*** Records for this exercise ***

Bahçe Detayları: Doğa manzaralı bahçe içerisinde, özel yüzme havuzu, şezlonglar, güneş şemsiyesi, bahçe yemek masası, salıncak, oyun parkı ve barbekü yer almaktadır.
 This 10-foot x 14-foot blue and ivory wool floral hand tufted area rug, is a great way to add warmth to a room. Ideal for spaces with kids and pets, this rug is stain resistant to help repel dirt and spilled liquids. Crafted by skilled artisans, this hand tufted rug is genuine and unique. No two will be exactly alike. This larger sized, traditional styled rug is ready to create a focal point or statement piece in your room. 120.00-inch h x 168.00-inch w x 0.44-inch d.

*** End of Records for this exercise ***
*** Records for this exercise ***

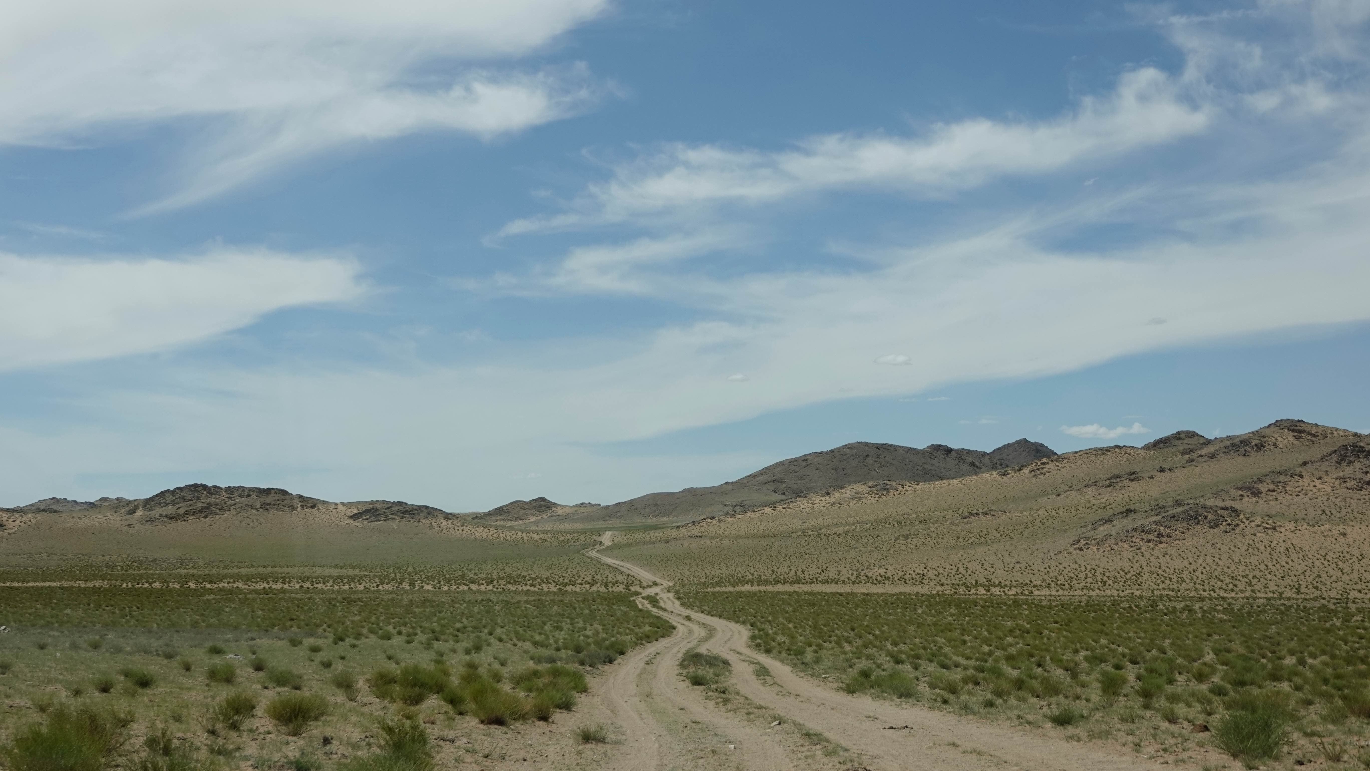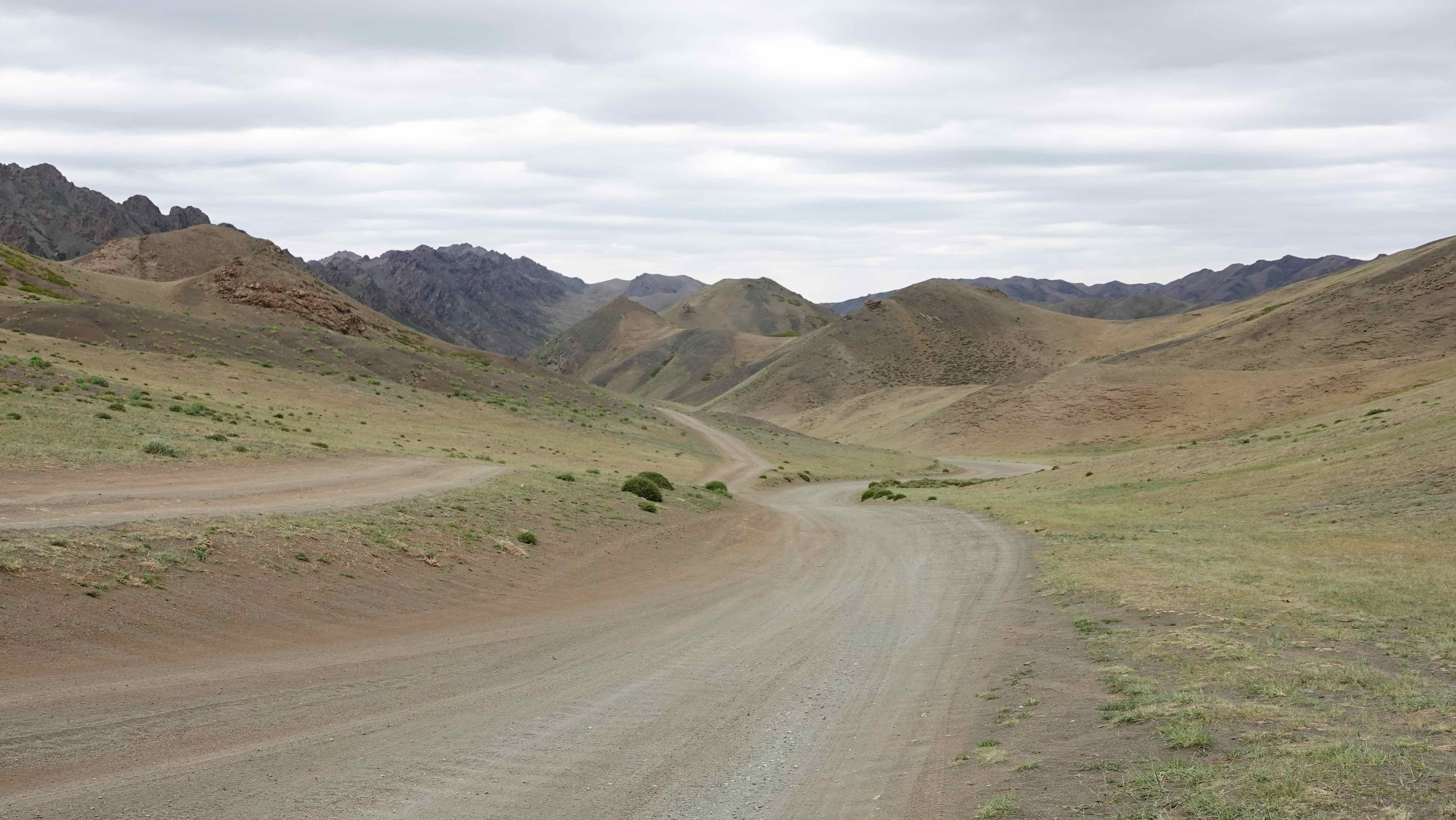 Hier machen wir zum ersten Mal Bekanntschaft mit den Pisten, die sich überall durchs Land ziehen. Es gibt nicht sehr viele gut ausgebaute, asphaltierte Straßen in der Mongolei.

*** End of Records for this exercise ***

# Task directions
Please copy, exactly and with nothing else, the lines above beginning at the line that has "Bahçe Detayları: Doğa" and ending with the line that has "This 10-foot x".

# Your response
Bahçe Detayları: Doğa manzaralı bahçe içerisinde, özel yüzme havuzu, şezlonglar, güneş şemsiyesi, bahçe yemek masası, salıncak, oyun parkı ve barbekü yer almaktadır.
 This 10-foot x 14-foot blue and ivory wool floral hand tufted area rug, is a great way to add warmth to a room. Ideal for spaces with kids and pets, this rug is stain resistant to help repel dirt and spilled liquids. Crafted by skilled artisans, this hand tufted rug is genuine and unique. No two will be exactly alike. This larger sized, traditional styled rug is ready to create a focal point or statement piece in your room. 120.00-inch h x 168.00-inch w x 0.44-inch d.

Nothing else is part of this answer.